Because State Farm did not make an election to limit payments pursuant to the schedule of maximum charges, this provision does not apply. Moreover, such “balance-billed” payments made by the Plaintiff are extra-contractual payments not covered by Plaintiff’s contract with State Farm. State Farm cannot prohibit medical providers from such billing. Amounts that may or may not be due from State Farm’s insureds — other than benefits payable under a policy — are not an issue between State Farm and the Plaintiff and class members. Oglesby v. State Farm Mut. Auto. Ins. Co., 781 So. 2d 469, 470 (Fla. 5th DCA 2001) [26 Fla. L. Weekly D702a] (where a medical provider accepts an assignment of benefits, “the patient will be ultimately responsible for any medical bills either not covered by the policy or simply not paid by the insurer.”).

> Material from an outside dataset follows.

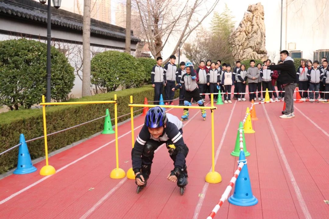 為了豐富校園文化,強(qiáng)健學(xué)生體魄,讓學(xué)生展示自我,增強(qiáng)自信心,學(xué)會(huì)交流與協(xié)作,增進(jìn)與人相處的能力,培養(yǎng)勇于進(jìn)取、頑強(qiáng)拼搏 的意志品質(zhì) 。陽(yáng)光未來(lái)外國(guó)語(yǔ)學(xué)校舉辦了第一屆“我陽(yáng)光.我運(yùn)動(dòng)”輪滑聯(lián)賽活動(dòng)。 2023年2月28下午3:00參賽師生在學(xué)校眾芳樓前集合進(jìn)行運(yùn)動(dòng)員檢錄,參賽的同學(xué)們集體熱身適應(yīng)場(chǎng)地,主持人進(jìn)行了本次開(kāi)場(chǎng)之后輪滑教練楊廣臣老師開(kāi)始了本次的講話(huà)。 輪滑教練楊廣臣做此次活動(dòng)講話(huà)

7. The Court finds that the individual members of the proposed class must individually comply with the pre-suit demand letter requirement of Fla. Stat. § 627.736(10) (2007-2012) (the “PIP Statute”), which provides:
As a condition precedent to filing any actions for benefits under this section, the insurer must be provided with written notice of an intent to initiate litigation. Such notice may not be sent until the claim is overdue, including any additional time the insurer has to pay pursuant to paragraph (4)(b).

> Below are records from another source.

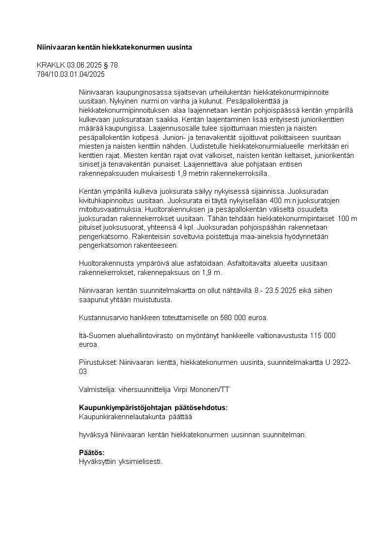 Pöytäkirja 03.06.2025/Pykälä 78
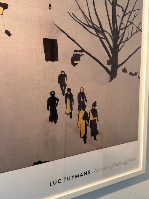 Affichelitho op dik stevig papier. Afgebeeld het werk Wandeling uit 1989. Zeer goede staat en in kader. Luc Tuymans is een Belgisch kunstschilder. Hij werkt in Antwerpen en is gehuwd met Carla Arocha, een kunstenares uit Venezuela
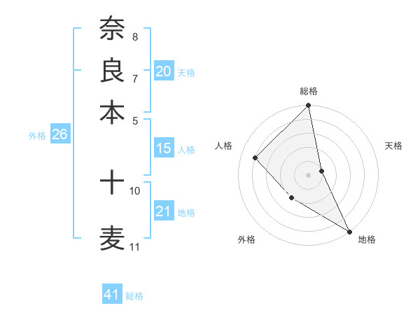 奈良本 十麦さんを姓名の画数から五運を鑑定
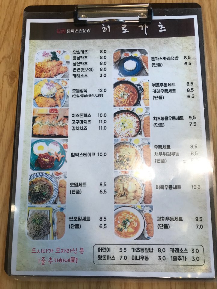 히로가츠의 메뉴판입니다.

Plaintiff’s claim for declaratory relief seeks such PIP benefits. Plaintiff requests that “State Farm be required to reimburse its insureds who have made PIP claims for all amounts, in excess of any deductible or co-pay, that they have paid to medical providers who have balance billed them after being partially reimbursed by State Farm utilizing 200% of the Medicare Part B fee schedule as the basis for calculating reimbursements.” (Prayer for Relief at (C)). The Court finds that the necessary and individualized determinations of compliance with the pre-suit demand letter requirement render this Action inappropriate for class action treatment as a matter of law.

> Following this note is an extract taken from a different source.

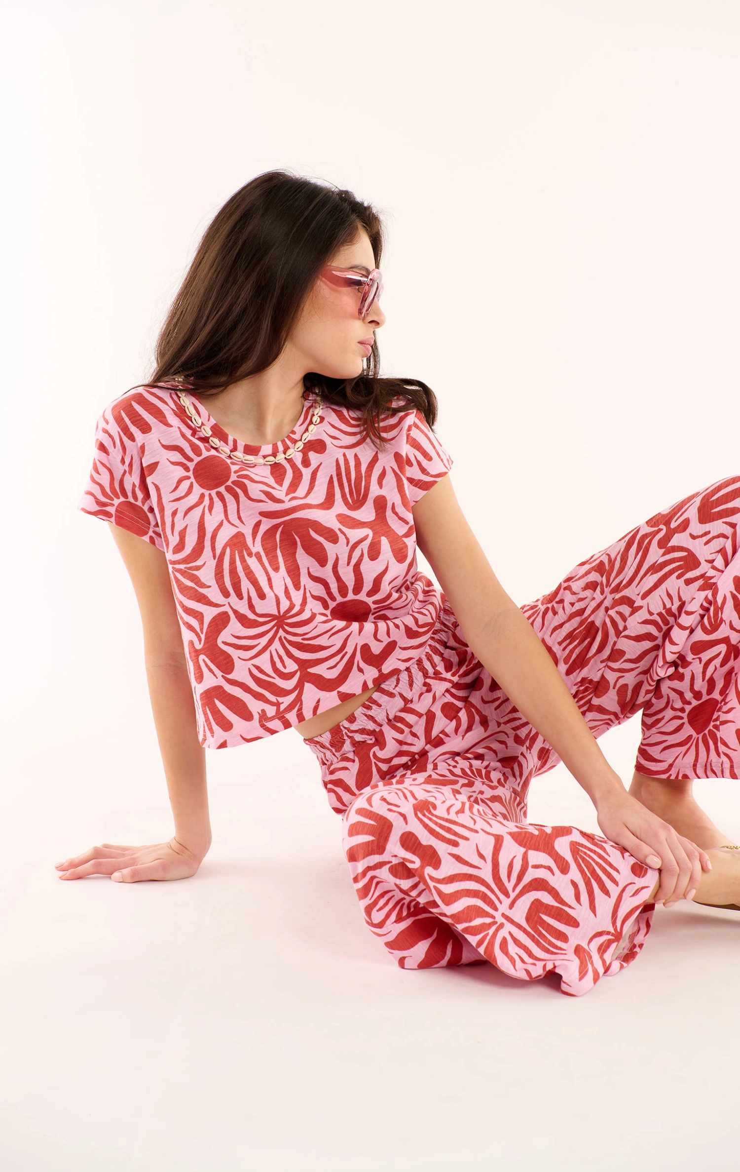 Dans ce petit thème jersey, nous sommes plongés dans un été où confort et féminité se marient harmonieusement avec des imprimés ensoleillés. Le top Amandine, fabriqué dans un jersey flammé rose, est orné de motifs solaires et floraux de couleur brique. De forme large et court, il est très facile à porter tandis que son encolure retravaillée est brodée de petits coquillages cori et évoque, ainsi, l’été qui arrive…

8. The Court also finds that the issue of whether the class members’ medical bills at issue in the proposed class are covered and/or reasonable pursuant to the PIP Statute and the applicable insurance policies must be considered by the Court in determining entitlement to relief. The Court finds that a class action or declaratory action would not provide a superior, sufficient or appropriate method for the adjudication of the issues raised in this Action as a matter of law. See, e.g., Herrera v. JFK Medical Ctr. Ltd. P’ship, 87 F. Supp. 3d 1299 (M.D. Fla. 2015); Vandenbrink v. State Farm Mut. Auto. Ins. Co., 2012 WL 3156596, at *3 (M.D. Fla. Aug. 3, 2012); MRI Assocs. of St. Pete, Inc. v. State Farm Mut. Auto. Ins. Co., 755 F. Supp. 2d 1205 (M.D. Fla. 2010); Shenandoah Chiro., P.A. v. Nat’l Specialty Ins. Co., 526 F. Supp. 2d 1283 (S.D. Fla. 2007); State Farm Mut. Auto. Ins. Co. v. Sestile, 821 So. 2d 1244 (Fla. 2d DCA 2002) [27 Fla. L. Weekly D1757a]; Accumed Chiro. & Wellness Ctr., Inc. v. Progressive Select Ins. Co., 22 Fla. L. Weekly Supp. 349a (Fla., 11th Jud’l Cir. 2014); Pan Am Diag. Servs., Inc. v. Equity Ins. Co., 22 Fla. L. Weekly Supp. 814a (Fla., 11th Jud’l Cir. 2014); Progressive Health Servs., Inc. v. Security Nat’l Ins. Co., 22 Fla. L. Weekly Supp. 816a (Fla., 11th Jud’l Cir. 2013).
9. Plaintiff’s claim for declaratory relief is improper because: (a) declaratory relief is not the primary relief sought; and (b) Plaintiff has an adequate remedy at law. As set forth above, Plaintiff’s primary purpose is to recover damages in form of reimbursements to herself and the putative class members (Am. Compl., Prayer for Relief at (C)).